╭─ Given records

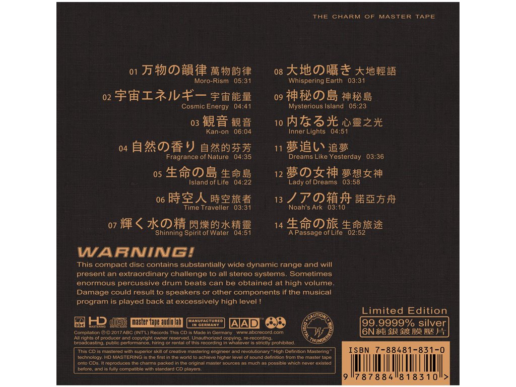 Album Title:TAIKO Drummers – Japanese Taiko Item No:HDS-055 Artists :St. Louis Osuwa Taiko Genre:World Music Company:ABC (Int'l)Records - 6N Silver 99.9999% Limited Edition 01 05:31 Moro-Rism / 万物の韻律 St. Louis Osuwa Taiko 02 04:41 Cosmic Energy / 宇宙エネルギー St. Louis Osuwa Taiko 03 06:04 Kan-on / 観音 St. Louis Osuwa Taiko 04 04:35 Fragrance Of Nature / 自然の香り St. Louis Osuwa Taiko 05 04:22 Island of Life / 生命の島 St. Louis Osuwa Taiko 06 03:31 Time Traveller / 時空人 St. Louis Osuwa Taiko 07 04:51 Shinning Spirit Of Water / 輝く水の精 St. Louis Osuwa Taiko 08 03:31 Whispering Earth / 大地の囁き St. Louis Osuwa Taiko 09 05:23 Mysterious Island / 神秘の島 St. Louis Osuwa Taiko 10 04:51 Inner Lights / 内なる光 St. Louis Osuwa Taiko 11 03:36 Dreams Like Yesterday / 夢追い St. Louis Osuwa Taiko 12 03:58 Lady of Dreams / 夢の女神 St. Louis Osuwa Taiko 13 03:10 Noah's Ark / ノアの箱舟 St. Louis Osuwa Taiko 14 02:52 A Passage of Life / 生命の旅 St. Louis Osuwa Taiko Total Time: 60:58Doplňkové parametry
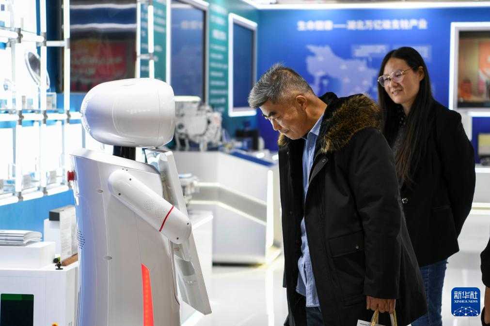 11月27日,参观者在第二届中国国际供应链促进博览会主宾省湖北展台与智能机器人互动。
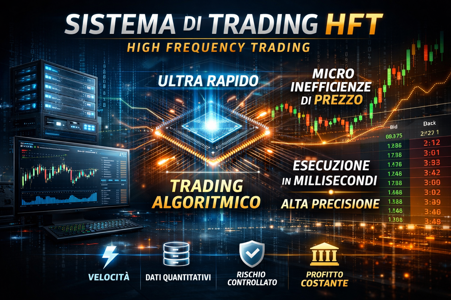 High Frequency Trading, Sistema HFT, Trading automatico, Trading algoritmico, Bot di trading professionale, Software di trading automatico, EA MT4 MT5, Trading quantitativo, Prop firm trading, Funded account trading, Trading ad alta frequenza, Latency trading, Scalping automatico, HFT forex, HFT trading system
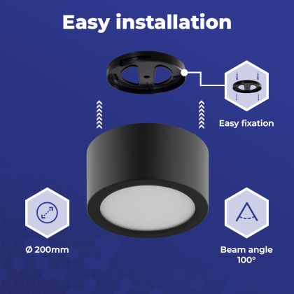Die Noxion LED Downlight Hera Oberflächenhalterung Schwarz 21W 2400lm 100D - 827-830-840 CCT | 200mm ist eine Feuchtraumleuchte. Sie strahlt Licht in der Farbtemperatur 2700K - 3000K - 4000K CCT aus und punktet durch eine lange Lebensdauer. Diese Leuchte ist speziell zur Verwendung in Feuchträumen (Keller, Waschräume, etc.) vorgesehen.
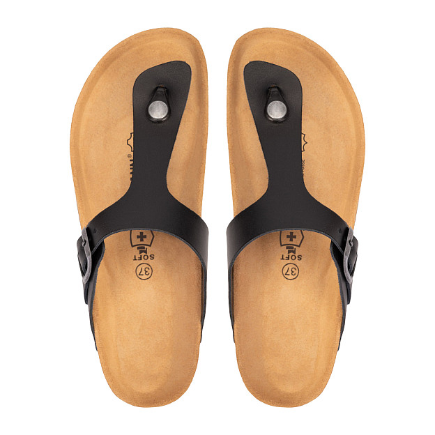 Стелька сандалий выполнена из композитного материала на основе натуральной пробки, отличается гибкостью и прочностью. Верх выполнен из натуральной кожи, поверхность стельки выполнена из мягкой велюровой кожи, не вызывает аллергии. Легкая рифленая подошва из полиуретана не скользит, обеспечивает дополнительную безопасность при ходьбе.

╰─
╭─ Given records

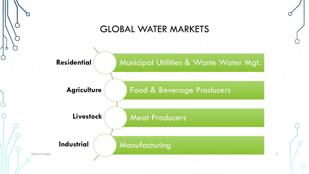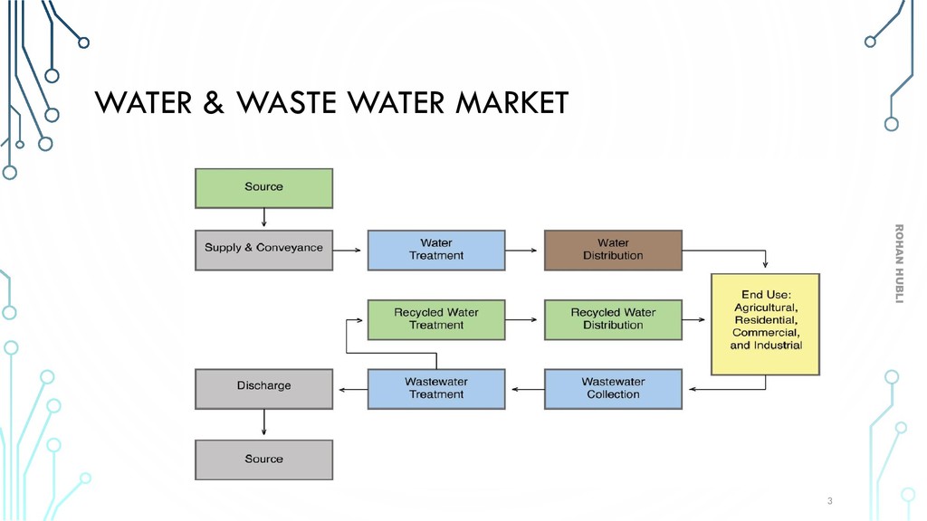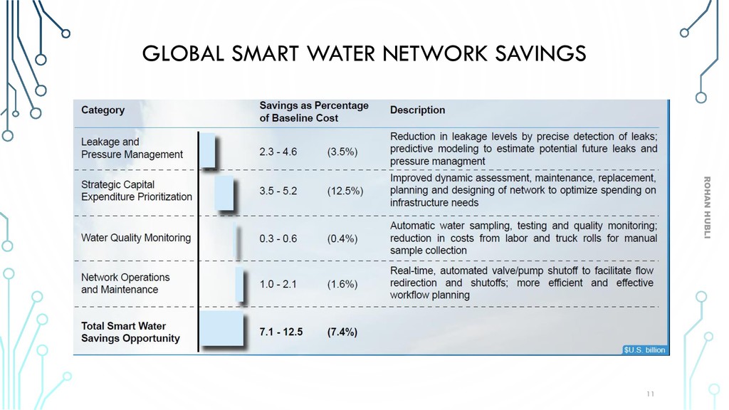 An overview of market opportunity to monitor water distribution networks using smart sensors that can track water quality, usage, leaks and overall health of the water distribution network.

╰─
╭─ Given records

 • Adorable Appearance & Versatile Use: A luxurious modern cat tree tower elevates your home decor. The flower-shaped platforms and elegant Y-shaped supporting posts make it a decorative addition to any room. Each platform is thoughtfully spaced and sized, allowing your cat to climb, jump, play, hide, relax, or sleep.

╰─

What to work on => Only the lines above starting with the line with "Album Title:TAIKO Drummers" and going on through the line with "High Frequency Trading, Sistema" belong in the answer; repeat them exactly, minus any picture.

Output for this exercise =>
 Album Title:TAIKO Drummers – Japanese Taiko Item No:HDS-055 Artists :St. Louis Osuwa Taiko Genre:World Music Company:ABC (Int'l)Records - 6N Silver 99.9999% Limited Edition 01 05:31 Moro-Rism / 万物の韻律 St. Louis Osuwa Taiko 02 04:41 Cosmic Energy / 宇宙エネルギー St. Louis Osuwa Taiko 03 06:04 Kan-on / 観音 St. Louis Osuwa Taiko 04 04:35 Fragrance Of Nature / 自然の香り St. Louis Osuwa Taiko 05 04:22 Island of Life / 生命の島 St. Louis Osuwa Taiko 06 03:31 Time Traveller / 時空人 St. Louis Osuwa Taiko 07 04:51 Shinning Spirit Of Water / 輝く水の精 St. Louis Osuwa Taiko 08 03:31 Whispering Earth / 大地の囁き St. Louis Osuwa Taiko 09 05:23 Mysterious Island / 神秘の島 St. Louis Osuwa Taiko 10 04:51 Inner Lights / 内なる光 St. Louis Osuwa Taiko 11 03:36 Dreams Like Yesterday / 夢追い St. Louis Osuwa Taiko 12 03:58 Lady of Dreams / 夢の女神 St. Louis Osuwa Taiko 13 03:10 Noah's Ark / ノアの箱舟 St. Louis Osuwa Taiko 14 02:52 A Passage of Life / 生命の旅 St. Louis Osuwa Taiko Total Time: 60:58Doplňkové parametry
 11月27日,参观者在第二届中国国际供应链促进博览会主宾省湖北展台与智能机器人互动。
 High Frequency Trading, Sistema HFT, Trading automatico, Trading algoritmico, Bot di trading professionale, Software di trading automatico, EA MT4 MT5, Trading quantitativo, Prop firm trading, Funded account trading, Trading ad alta frequenza, Latency trading, Scalping automatico, HFT forex, HFT trading system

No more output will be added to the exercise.